If generic_osync_inode() checks the I_DIRTY bit (and sees it clean) during
"#window", an "O_SYNC write()" call may return to userspace without having
all the data actually synced.
If I'm not missing something here this patch should the problem.
Comments?
--- fs/inode.c~ Thu Mar 22 16:04:13 2001
+++ fs/inode.c Thu Apr 12 15:18:22 2001
@@ -347,6 +347,11 @@
#endif
spin_lock(&inode_lock);
+ while (inode->i_state & I_LOCK) {
+ spin_unlock(&inode_lock);
+ __wait_on_inode(inode);
+ spin_lock(&inode_lock);
+ }
if (!(inode->i_state & I_DIRTY))
goto out;
if (datasync && !(inode->i_state & I_DIRTY_DATASYNC))

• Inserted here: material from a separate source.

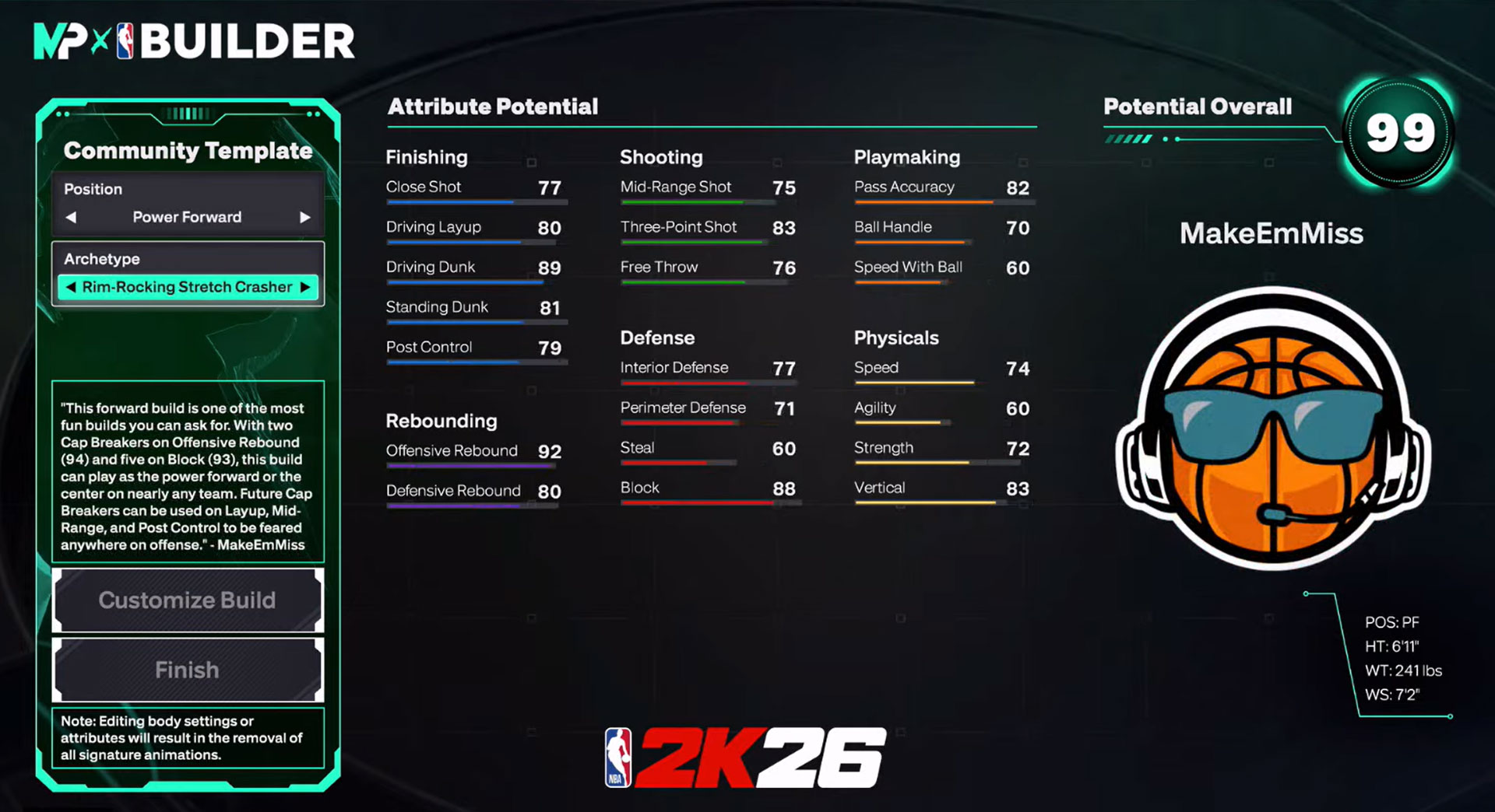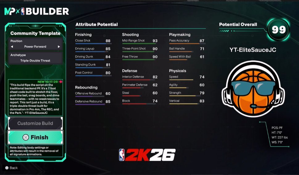 “This build flips the script on the traditional backend PF. It’s a 7 foot cheat code built to stretch the floor, push the ball, snag boards, and dime teammates – with no weaknesses to report. This isn’t just a build, it’s a triple-double threat built for domination in Pro-Am, the REC, and the Park.” – YT-EliteSauceJC

On Thu, 12 Apr 2001, Marcelo Tosatti wrote:
>
> Comments?
>
> --- fs/inode.c~ Thu Mar 22 16:04:13 2001
> +++ fs/inode.c Thu Apr 12 15:18:22 2001
> @@ -347,6 +347,11 @@
> #endif
>
> spin_lock(&inode_lock);
> + while (inode->i_state & I_LOCK) {
> + spin_unlock(&inode_lock);
> + __wait_on_inode(inode);
> + spin_lock(&inode_lock);
> + }
> if (!(inode->i_state & I_DIRTY))
> goto out;
> if (datasync && !(inode->i_state & I_DIRTY_DATASYNC))
Ehh.
Why not just lock the inode around the thing?

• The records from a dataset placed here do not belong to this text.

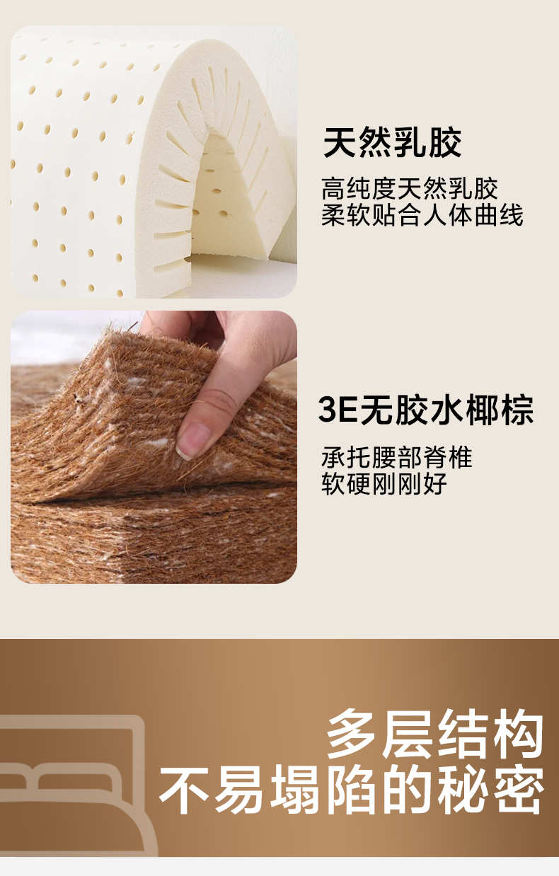当前位置: 91家纺网 > 商品网购 > 床垫/床褥 > 普通床垫 > 时奥家纺 2026新款3E环保椰棕乳胶床垫-云梦白 5cm棕+2cm乳胶(8cm)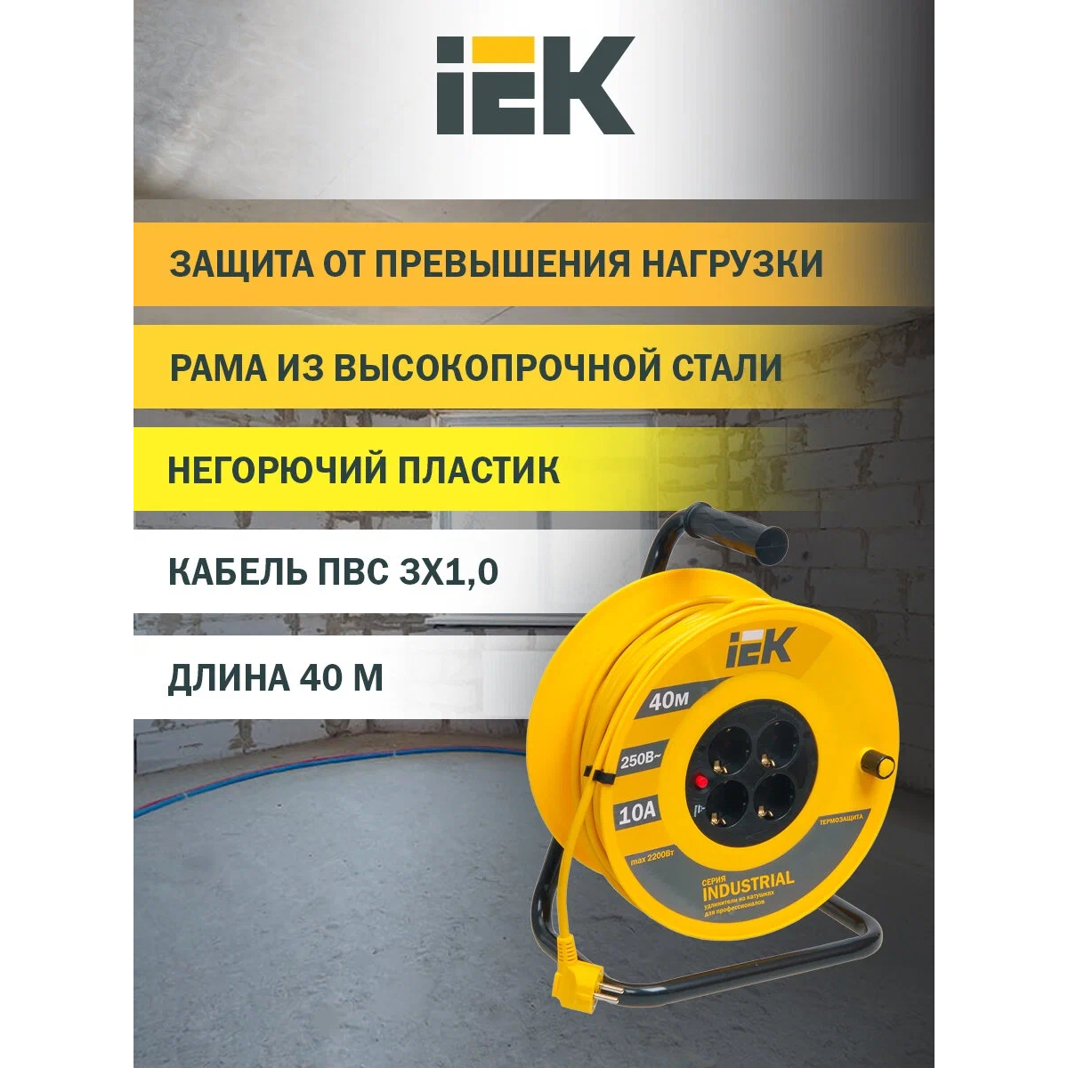 Катушка IEK WKP10-10-04-40-G УК40 с т/з 4 места 2P+PE/40м 3х1,0мм2 Generica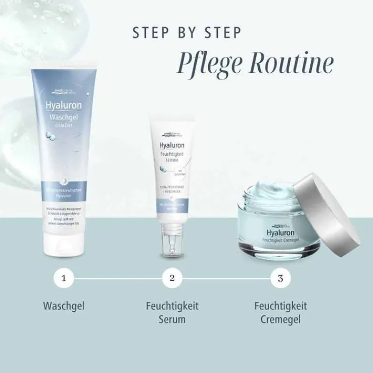 Der bestmögliche Wirkeffekt kann durch die Kombination der Dr. Theiss Produkte erzielt werden. Für eine gründliche Pflege-Routine wird empfohlen, mit dem Hyaluron Waschgel zu starten, anschließend wird das Hyaluron Feuchtigkeit Serum auf die Haut aufgetragen und zum Schluss wird das Cremegel angewandt. Das Waschgel reinigt, entfernt Make-Up sowie überschüssigen Talg, das leichte, fast flüssige Serum spendet Feuchtigkeit mit Soforteffekt und das Cremegel versorgt die Haut langanhaltend mit wichtigen Nährstoffen sowie Feuchtigkeit. Für eine Hautpflege mit System.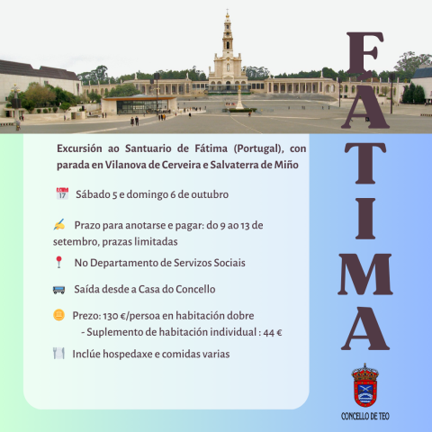 A partir do luns 9 de setembro, e ata o venres 13, as persoas maiores de 60 anos e empadroadas no concello de Teo poderán anotarse á excursión que organiza o Consistorio ao Santuario de Fátima, situado en Portugal. A data da viaxe ao país veciño será o sábado 5 e domingo 6 de outubro. Os interesados poderán achegarse ata o Departamento de Servizos Sociais para facer efectiva a inscrición.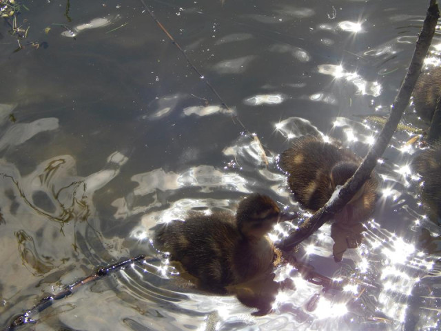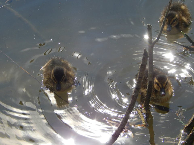 За першим "запливом" новонароджених каченят-крякв спостерігали працівники Луцького зоопарку. Очевидно, кажуть у звіринці, малюки народилися на одному з островів, що посеред водойми. Цього разу одна мама-качка "висиділа" аж 12-ть каченят. Маленькі від мами - ні на крок і на воді, і на суші. Про це йдеться в групі зоопарку в мережі.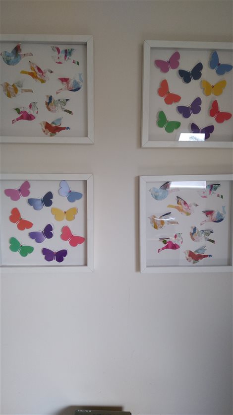4 mooie lijstjes afmetingen 30 x 30 cm met papieren vlinders en vogels. Als nieuw. Samen te koop voor € 15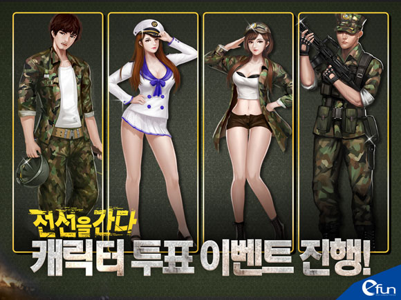 ... 17일(화)부터 오는 22일(일)까지 진행되는 이벤트는 남자 2명, 여자 3명 캐릭터 중 유저들이 마음에 드는 캐릭터를 투표해, 가장 많은 득표수를 얻은 남자 1명과 여자 1명의 캐릭터를 향후 업데이트 시 대장 캐릭터로 변경한다. 이와 함께 '전선을간다'는 16일(월)부터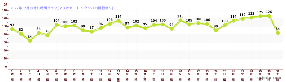 • マリオカート ~クッパの挑戦状~$B$N(B2022年12月01日のの一日平均待ち時間

The above looks rather ugly.
Linus
On Thu, 12 Apr 2001, Linus Torvalds wrote:
> On Thu, 12 Apr 2001, Marcelo Tosatti wrote:
> >
> > Comments?
> >
> > --- fs/inode.c~ Thu Mar 22 16:04:13 2001
> > +++ fs/inode.c Thu Apr 12 15:18:22 2001
> > @@ -347,6 +347,11 @@
> > #endif
> >
> > spin_lock(&inode_lock);
> > + while (inode->i_state & I_LOCK) {
> > + spin_unlock(&inode_lock);
> > + __wait_on_inode(inode);
> > + spin_lock(&inode_lock);
> > + }
> > if (!(inode->i_state & I_DIRTY))
> > goto out;
> > if (datasync && !(inode->i_state & I_DIRTY_DATASYNC))
>
> Ehh.
>
> Why not just lock the inode around the thing?
>
> The above looks rather ugly.
You mean writing a function called "lock_inode()" or whatever to basically
do what I did ?
On Thu, 12 Apr 2001, Marcelo Tosatti wrote:
>
> On Thu, 12 Apr 2001, Linus Torvalds wrote:
>
> > On Thu, 12 Apr 2001, Marcelo Tosatti wrote:
> > >
> > > Comments?
> > >
> > > --- fs/inode.c~ Thu Mar 22 16:04:13 2001
> > > +++ fs/inode.c Thu Apr 12 15:18:22 2001
> > > @@ -347,6 +347,11 @@
> > > #endif
> > >
> > > spin_lock(&inode_lock);
> > > + while (inode->i_state & I_LOCK) {
> > > + spin_unlock(&inode_lock);
> > > + __wait_on_inode(inode);
> > > + spin_lock(&inode_lock);
> > > + }
> > > if (!(inode->i_state & I_DIRTY))
> > > goto out;
> > > if (datasync && !(inode->i_state & I_DIRTY_DATASYNC))
> >
> > Ehh.
> >
> > Why not just lock the inode around the thing?
> >
> > The above looks rather ugly.
>
> You mean writing a function called "lock_inode()" or whatever to basically
> do what I did ?
Oh well, its still bad.
We drop the inode_lock before calling write_inode_now() (which is broken,
too :)), which means someone can set I_LOCK under us.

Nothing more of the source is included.